We also have 3. No 3 was the hardest until about 8. Since then he's been the easiest by far (he's 21 now). We love having three DC. It stops the one DC:one parent which I've often seen in my friend/family circle; it often seems that one parent is closer to a particular child. Only one DB has three. Nearly everyone else I know of my generation only has two.

Only you can decide whether you really are ready to have another child. From your OP it would seem that you aren't, but often logic and reason doesn't play that big a part when having DC Grin.

Crunchymum · 24/10/2019 19:11

Hate to be the voice of doom but I'd factor is any "worse case scenarios"

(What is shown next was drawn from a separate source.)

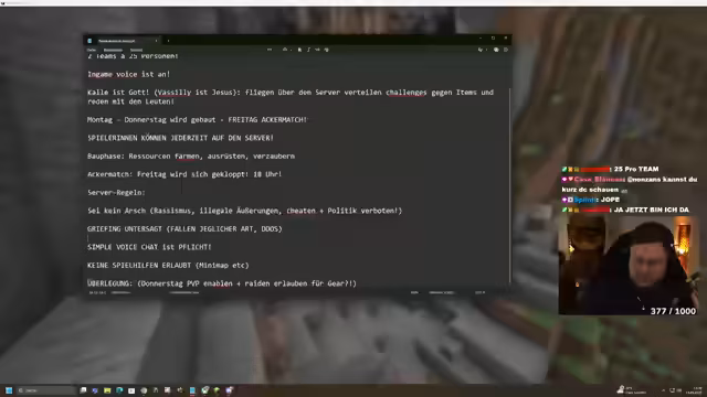 01:30:30Es wird erklärt, dass auf dem Stream ein großer Textblock mit Informationen zum Kalles Ackermatch Community-Minecraft-Event gezeigt wird. Das Event startet ab heute und es findet eine Whitelisting-Phase auf dem Discord statt. Zwei Teams mit je 25 Personen werden sich bekriegen, wobei Ingame Voice mit Simple Voice Chat verwendet wird. Der Streamer wird das Ganze mitverfolgen, Items verteilen, mit den Leuten interagieren und Challenges machen. Von Montag bis Donnerstag sollen sich die Leute equippen, am Freitag findet dann das Acker-Match statt. Bis Donnerstag gibt es kein PvP, aber es wird überlegt, ob man Donnerstag PvP aktivieren soll. Es gibt eine Bauphase bis Donnerstag, in der Ressourcen gefarmt und Gegenstände verzaubert werden können. Am Freitag um 18 Uhr findet dann ein Hardcore-Deathmatch in einer Arena statt, bei dem das Team gewinnt, das am Ende noch Überlebende hat. Das Event wird für YouTube aufgenommen und jeder kann mitmachen und streamen.

My unplanned DC3 has a rare, life changing for us all genetic condition and its thrown my life into complete chaos.

Adore DC3, but they will never live independently and will be with me, as long as I am alive.

IdentifyasTired · 24/10/2019 19:44

Think long term. Even once the newborn stage is done there are hard roads still ahead.
The costs can really ramp up the older they get: extra curricular stuff, music lessons, hobbies, school trips (sometimes abroad), not to mention keeping them all clothed and fed.

And as they age they need a lot of time and attention. You need to be sure you can both be available.
It’s a huge responsibility. It’s a life long undertaking.
I’m not trying to put you off. Not at all. But I have 4, the oldest is 10 and I am really feeling the heavy weight of the responsibility I have to carry. For the rest of my life. Don’t underestimate how hard it can be, even after the baby/toddler years.

MrsFotheringill · 24/10/2019 19:52

I have three DC with 4.5 years from first to last. I adore them all but number three has essentially been the end of my career and sanity. Two seems ridiculously easy in comparison, especially as they get older. Don’t underestimate what ‘just one more’ means!

ineedaholidaynow · 24/10/2019 19:53

Would your DM and MIL be happy to look after 3 under 5?

Teenagers aren’t cheap, and also demand your time.

If you both have demanding jobs how much time do you give your current DC, how much could you give another child?

HairyToity · 24/10/2019 20:28

Would you manage if the third had special needs?

apple0pie · 24/10/2019 20:33

I would give your self more time - they don't have to be that close. Our three are more spread out and life is manageable. But of us had to make career sacrifice as we didn't want to work to pay for childcare

threesacrowd3333 · 24/10/2019 20:34

@MrsFotheringill see this is what I’m worried about! Can you say more? Am curious as to why 2-3 does push families over the edge.

I’m not concerned about having a child with disabilities etc - if that happened of course our world would turn upside down and we would just have to get on with it. I don’t doubt we would love another baby regardless of any additional needs (not to minimise how tough it would be). Similarly we are very comfortably off, adding another set of costs is not at all an issue for us.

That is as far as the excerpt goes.